In the scientific literature, various aspects of corruption in the field under consideration have devoted their works to E. Yu. Antonova [6; 7], V. V. Astanin [8–10], B. V. Volzhenkin [11; 12], G. S. Goncharenko [13], A. S. Gorelik [14; 15], N. A. Egorova [16], S. V. Izosimov [17], O. S. Kapinus [18], M. K. Karandyshev [19], S. D. Krasnousov [20], N. A. Lopashenko [21; 22], S. D. Makarov [23], T. A. Nekrasova [24; 25], V. A. Nomokonov [26; 27], S. Yu. Suikov [28], Yu. V. Truntsevsky [29–31], L. P. Tumarkina [32], D. R. Fedoriv and M. L. Gachava [33], T. Ya. Khabrieva [29], G. N. Khlupina [1], A. M. Tsirin [29; 34; 35], E. S. Shalygina [36], E. S. Shimshilova [37], I. V. Shishko [1; 38], A.M. Shunaev [39], P. S. Yani [40; 41], et al.

The analysis of the conducted research has revealed the main approaches to understanding the features of corruption in commercial organizations, which reflect its various aspects and ways to prevent it. Meanwhile, the question of the socio-legal characteristics of corruption in commercial organizations remains open today.

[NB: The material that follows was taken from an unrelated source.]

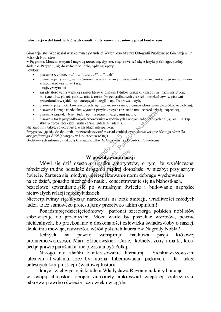 Informacja o dyktandzie, którą otrzymali zainteresowani uczniowie przed konkursem im D na ykt zj an w um do Pa im 2 ję . 01 cz P 5 ni ols e k ic h N ob lis tó w Gimnazjalisto! Weź udział w szkolnym dyktandzie! Wyłoni ono Mistrza Ortografii Publicznego Gimnazjum im. Polskich Noblistów w Pajęcznie. Możesz otrzymać nagrodę rzeczową, dyplom, cząstkową szóstkę z języka polskiego, punkty dodatnie. Przygotuj się do zadania solidnie, bądź najlepszy. Powtórz: • pisownię wyrazów z „ó”, „u”, „rz”, „ż”, „h”, „ch”, • pisownię partykuły „nie” z różnymi częściami mowy- rzeczownikiem, czasownikiem, przymiotnikiem w stopniu równym, wyższy, i najwyższym itd., • zasady stosowania wielkiej i małej litery w pisowni tytułów książek , czasopism, nazw instytucji, kontynentów, planet, państw, miast, regionów geograficznych oraz ich mieszkańców, w pisowni przymiotników (jaki? -np. europejski , czyj? – np. Fredrowski styl), • pisownię przymiotników złożonych (np. czerwono- czarny, ciemnozielony, ponadsześćdziesięcioletni), • pisownię łączną i rozdzielną wyrażeń przyimkowych (np. nade mną, sprzed szkoły, naprędce), • pisownię cząstek –bym, -byś, - by … z różnymi częściami mowy, • pisownię form przypadkowych rzeczowników rodzimych i obcych zakończonych na -ja, -ea, - ia (np. zbroja- zbroi, idea- idei, armia- armii, jadalnia- jadalni). Nie zapomnij także, co oczywiste, o zasadach interpunkcji. Przygotowując się, do dyktanda, możesz skorzystać z zasad znajdujących się we wstępie Nowego słownika ortograficznego PWN (dostępny w bibliotece szkolnej). Dodatkowych informacji udzielą Ci nauczycielki- A. Gleń oraz K. Drozdek. Powodzenia. Pu bl ic zn e G W poszukiwaniu pasji Mówi się dziś często o upadku autorytetów, o tym, że współczesnej młodzieży trudno odnaleźć drogę do mądrej dorosłości w niezbyt przyjaznym świecie. Zarzuca się młodym nierespektowanie norm dobrego wychowania na co dzień, ponadto niechęć do nauki, koncentrowanie się na błahostkach, bezcelowe szwendanie się po wirtualnym świecie i budowanie naprędce nietrwałych relacji międzyludzkich. Niecierpliwimy się, słysząc narzekania na brak ambicji, wrażliwości młodych ludzi, toteż stanowczo protestujemy przeciwko takim opiniom! Ponadstupięćdziesięciodniowy patronat sześciorga polskich noblistów zobowiązuje do przemyśleń. Może warto by poszukać wzorców, pewnie nieidealnych, bo przekonanie o doskonałości człowieka świadczyłoby o naszej, delikatnie mówiąc, naiwności, wśród polskich laureatów Nagrody Nobla? Jednych na pewno zainspiruje naukowa pasja królowej promieniotwórczości, Marii Skłodowskiej -Curie, kobiety, żony i matki, która będąc prawie paryżanką, nie przestała być Polką. Nikogo nie zhańbi zainteresowanie literaturą i Sienkiewiczowskim talentem utrwalania, rzec by można- hibernowania- pięknych, ale także bolesnych kart polskiej i światowej historii. Innych zachwyci epicki talent Władysława Reymonta, który budując w swojej chłopskiej epopei zamknięty mikroświat wiejskiej społeczności, odkrywa prawdę o świecie i człowieku w ogóle. Pu bl ic zn e G im D na ykt zj an w um do Pa im 2 ję . 01 cz P 5 ni ols e k ic h N ob lis tó w Jeszcze innych zauroczy oryginalność poetyckiej frazy oraz skromność, dystans, ironia, zaskakująca wiedza o skomplikowanej ludzkiej naturze prezentowane w utworach Wisławy Szymborskiej. Do drugich może przemówić niebanalna poezja Czesława Miłosza, który podjął się w swojej twórczości, skądinąd trudnej, sztuki zapisu piękna świata, jednocześnie wykazując się odwagą w obnażaniu jego ułomności, nierzadko, i ohydy. Inni przyjrzą się działalności i dokonaniom nie najmłodszego dziś Lecha Wałęsy. Może zaimponują im determinacja i dążenia wolnościowe jednego z najbardziej znanych na świecie Europejczyków, człowieka „Solidarności”, prezydenta Rzeczypospolitej Polskiej. To, że tak licznie, notabene w żaden sposób nieprzymuszani, przystąpiliśmy do ogólnoszkolnego dyktanda, świadczy o naszej ambicji, harcie ducha. Na przekór malkontentom i niedowiarkom, wbrew nie najrzadszej wśród ludzi niechęci do przestrzegania pisownianych reguł i tendencji do niezwracania uwagi na poprawność zapisu honorowo stoimy na straży polskiej ortografii. Być może podążamy pod prąd, ale dzięki temu nie najdalej nam do tych, którzy pozostając sobą, odnieśli sukces. Dlatego tchórzliwie nie czmychniemy ni stąd, ni zowąd z sali i dotrwamy do końca tego nieco przydługiego dyktanda.

Corruption in commercial organizations is a kind of generic socio-legal phenomenon. In turn, this type of corruption has its own characteristic features, which are revealed in the features of the sphere of existence, the subject composition, as well as the purpose of corrupt behavior [42, p. 121].

In the sphere of the existence of corruption in commercial organizations, there are both internal management activities of commercial organizations, and external activities of a commercial organization carried out in conjunction with other business entities, including representatives of the public sector.

Most commercial organizations have a general legal capacity, that is, the ability to have civil rights and bear the civil duties necessary to carry out any activities not prohibited by law. One of a commercial organization's main activities is entrepreneurial activity, which is to extract profit [43]. In the scientific literature, such categories as "business corruption" is mainly used to denote corruption manifestations in entrepreneurial activity. In reference sources, "business corruption" is defined as "internal corrupt behavior in commercial organizations that do not go beyond the redistribution of an economic entity" [44], and "business corruption" is defined as "the provision of property benefits to state or municipal employees by entrepreneurs on their business affairs" [45]. According to the researchers, "business corruption occurs when one of the subjects of corruption relations is necessarily a representative of a business, an entrepreneur, and the other party can alternatively be a representative of the government, an official or an employee of a business structure or a citizen" [46]. In this case, business corruption is contrasted with everyday corruption, in which ordinary citizens are forced to get involved [47, p. 6]. The situation in which corruption relations arise between business entities and authorities is referred to in the literature as "state-commercial corruption" [44, p. 96].

The concept of "corporate corruption" can also be found in the scientific literature. According to N. A. Podolny and N. N. Podolnaya, the sphere of existence of this type of corruption is "the sphere of corporate relations, that is, relations that arise and unfold in the economy. However, this is not all relations in the economic sphere, as a corporation is a self-governing association of individuals, and therefore the relations that arise in connection with the participation of corporations in them do not cover the entire sphere of the economy" [48, p. 523]. It seems that the content of the concepts of "corruption in commercial organizations" and "corporate corruption" have some similarities, but they are not identical, as in accordance with Part 1 of Article 65.1 of the Civil Code of the Russian Federation, corporate legal entities include both commercial (business partnerships and societies, peasant [farmer] farms, business partnerships, production, and consumer cooperatives), as well as non-profit organizations (public organizations, social movements, associations [unions], notary chambers, real estate owners' associations, Cossack societies, etc.). At the same time, state and municipal enterprises that are commercial organizations belong to unitary legal entities [49, p. 321].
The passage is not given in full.